Voilà un métier qui depuis longtemps est tombé dans l'oubli et qui pourtant, autrefois,
nourrissait parfaitement son homme.
Nous avons découvert l'emblème de l'un de ces artisans sur le poteau cornier du Café
de l'Ours, au n° 5 de la rue du Moulin. Dans le cas particulier, cet emblème relativement
rare est symbolisé par trois clous disposés en éventail au-dessus d'un cœur. L'inscription
qui accompagne cet ornement indique la date de construction de la maison (1782)
ainsi que les initiales des noms des propriétaires primitifs : Jean-Paul Ferrenbach
et son épouse Marie Madeleine Louise Heym. Ce Jean-Paul Ferrenbach, né en 1730, a
exercé le métier de cloutier jusqu'à sa mort en 1807. Deux de ses fils ont choisi
la même profession. Fig : tableau famille - cloutiers
Quant à sa fille Marie Salomé, elle s'est mariée avec François Dominique G'sell,
un cloutier originaire de Kaysersberg. Ce dernier a certainement déployé une grande
activité, car, dès 1796 il est cité à de nombreuses reprises. Il prit la succession
de son beau-père et habita la même maison que lui. La preuve en est donnée par le
registre d'état-civil où l'on mentionne que «Marie Salomé Ferrenbach, conjointe de
François Dominique G'sell, cloutier, et fille de Jean Paul Ferrenbach, est morte
le 5 décembre 1831 au Quartier Verd, dans la maison n° 107 » ; cette habitation correspond
précisément à l'emplacement de notre Café de l'Ours.

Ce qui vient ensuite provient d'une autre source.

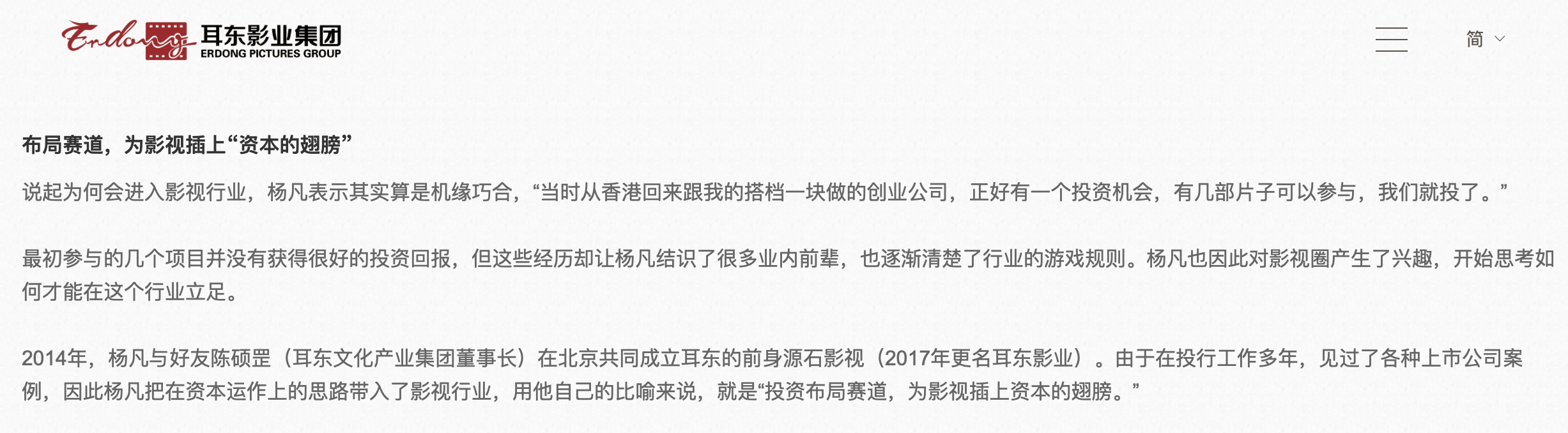在耳东影业官网的一篇专访《一年生,两年长,三年爆:90%的爆款电影背后都有它》中提到,2014年,杨凡与好友陈硕罡(耳东文化产业集团董事长)在北京共同成立耳东的前身源石影视。由于在投行工作多年,见过了各种上市公司案例,因此杨凡把在资本运作上的思路带入了影视行业。

François Dominique G'sell est décédé en 1833, à l'âge de 78 ans, tandis que son fils
Armand G'sell également cloutier, mais demeurant dans la maison n° 64 au Quartier
Verd, est déjà mort en 1828, âgé de 39 ans seulement.
Quel fut le sort de la clouterie ? D'après les matrices cadastrales de l'époque,
les autres enfants de François Dominique G'sell, qui étaient cultivateurs, ont vendu
en 1837 la maison et le bâtiment annexe à Joseph Jehl, cabaretier à Erstein.
Nous avons établi un second tableau où figure un certain nombre d'autres cloutiers
; il en ressort que cet artisanat s'est maintenu dans notre cité jusqu'à la fin du
XIXème siècle, époque à laquelle il a disparu sous la pression industrielle.
Les cloutiers (« Nagelschmied ») étaient en fait des forgerons spécialisés qui fabriquaient
des clous de tout modèle et de toute grandeur faits à la main. Ils étaient très estimés
par la population, notamment par les charrons, les charpentiers et même les forgerons
qui venaient s'approvisionner auprès d'eux.
L'atelier du cloutier comportait la forge proprement dite dont le feu était activé
par un soufflet, une petite enclume de forme assez particulière, des tranchets, des
moules et plusieurs marteaux spécialement conçus pour ce genre de travail. La dextérité
du cloutier était proverbiale. Il utilisait des tiges de fer très minces dont il
chauffait l'une des extrémités au rouge ; puis il forgeait des clous un à un, avec
une rapidité et une précision surprenantes. Aux personnes qui voudraient en savoir
plus, nous conseillons vivement de lire l'article paru dans l'Annuaire 1968 de la
Société d'Histoire et d'Archéologie de Molsheim, où l'auteur R. Rèbre décrit d'une
façon admirable le travail et l'habileté manuelle de cet artisan.
Détail original : le dernier cloutier d'Erstein avait dressé un chien pour actionner
une roue de bois large et légère, laquelle, à son tour, mettait en mouvement le soufflet,
à la manière des écureuils que l'on place dans une roue qu'ils font tourner en s'amusant.
Un jour des garnements eurent l'idée stupide de nouer à la queue du chien une ficelle
à laquelle ils avaient attaché des casseroles ; pris de panique, l'animal s'enfuit
à travers les rues en traînant après lui la batterie de cuisine qui faisait un bruit
épouvantable. On ne le revit plus jamais, de sorte que le pauvre cloutier fut contraint
de chômer le temps de dresser un autre chien.
Emblème de cloutier sur un poteau cornier de la maison n° 5 rue du Moulin (Café de
l'Ours) avec les initiales du nom des propriétaires primitifs: Jean Paul Ferrenbach,
cloutier. Marie Madeleine Louise Heym.